Rep. Kelli Linville, D-Bellingham, told me a couple weeks ago that the first round of the exercise was to assume an all-cuts budget with no federal stimulus funds. (But I’m not sure if the information I got this morning was based on those ground rules. It matters a lot. The gravity of the situation, and all.)

Anyway, here’s what the House is looking at after that extreme exercise:

1. 100 percent elimination of the Basic Health Plan, the state-subsidize health coverage program for working poor. The governor’s budget proposal called for a 40 percent cut to save $252 million, so I’m assuming total elimination would save about $700 million.

2. Eliminate General Assistance Unemployable (GAU) and Alcohol Drug Addiction Treatment Support Act (ADATSA), same as the governor did in her budget proposal. That saves $415 million.

3. Eliminate the “backfill” for county public health departments. I think that adds up to about $50 million over a 2-year budget. (This is the money that went away after Tim Eyman’s I-695 and the Legislature’s decision to repeal the state Motor Vehicle Excise Tax.)

4. Eliminate the Adult dental, vision and hearing services under the Medicaid program.

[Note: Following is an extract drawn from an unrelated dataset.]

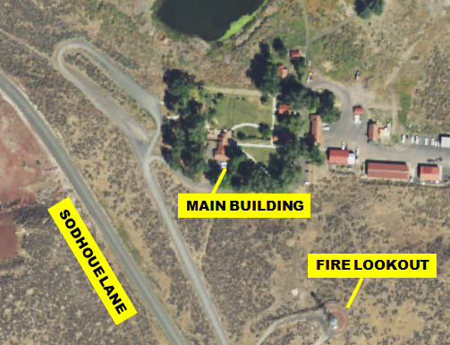 HQ complex of the Malheur National Wildlife Refuge, illustration by image uploader based on USGS satellite data Other information map has been modified by image uploader to add labels

Don’t have a dollar amount for that one yet.

5. A 14 percent cut to hospital reimbursement rates. (The guv had 4 percent cuts in her budget.)

6. Ten percent deeper cuts to nursing home reimbursements. (The governor did cut some in her budget, but the Legislature countermanded those cuts in its “belt-tightening” bill of a couple weeks ago.

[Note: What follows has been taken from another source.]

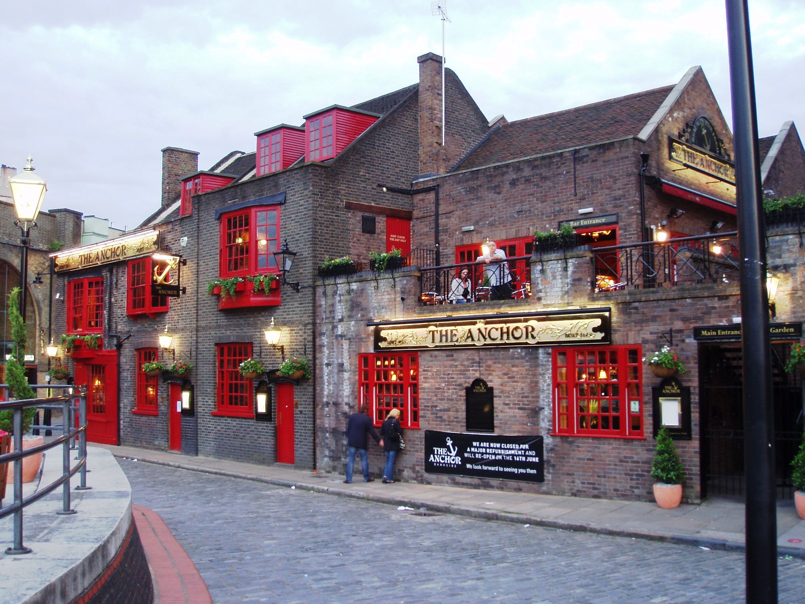 Recently refurbished historic pub on the riverside, near the Globe. This photo was taken a couple of days before it reopened. It was originally the brewery tap for the huge Anchor Brewery, based on the site behind it since 1616, but closed and demolished in 1981 (except for one or two buildings), to be replaced by Council housing. (View pub before refurbishment.) Address: 34 Park Street (formerly Bankside). Owner: Punch Taverns Spirit Group; Courage (former). Links: Randomness Guide to London Fancyapint Beer in the Evening Dead Pubs (history)

Susan Eidenschink (League of Women Voters), Robbie Stern, chairman of the Healthy Washington Coalition and Jack Johnson of Community Action Network happened by as I was writing this up. So I asked what they thought of the drill.

“If the cuts are like that, they’re drastic,” Eidenschink said. “The safety net would be just about demolished.”

Stern said that drill must not take into account the $1.77 billion the state is getting in additional Medicaid dollars from the feds because the cuts should not be that deep. And if they are that deep, that means the state budget-writers are diverting state dollars that are freed up by the arrival of federal health dollars to other uses, he said.

I also got a hold of Cassie Sauer, spokeswoman for the Washington State Hospital Association, which has an abiding interest in all things related to health care, and asked her for a comment.

“They are very scary about where we might be headed in an all-cuts budget,” she said of the proposed cuts, drill or not. “The level of devastation to the health care safety net and to vulnerable people who need health care is immense.”

The goal of Healthy Washington Coalition, by the way, is to preserve all of the programs that would be cut under the above scenario, plus keep family planning and mental health. And to ask lawmakers to use Medicaid money (and the state money that is freed up) to restore health care cuts before looking to replenish other areas of spending.

The coalition also is pushing Senate Bill 5945, which establish in state law the goal of covering all Washingtonians with health care plan by 2012.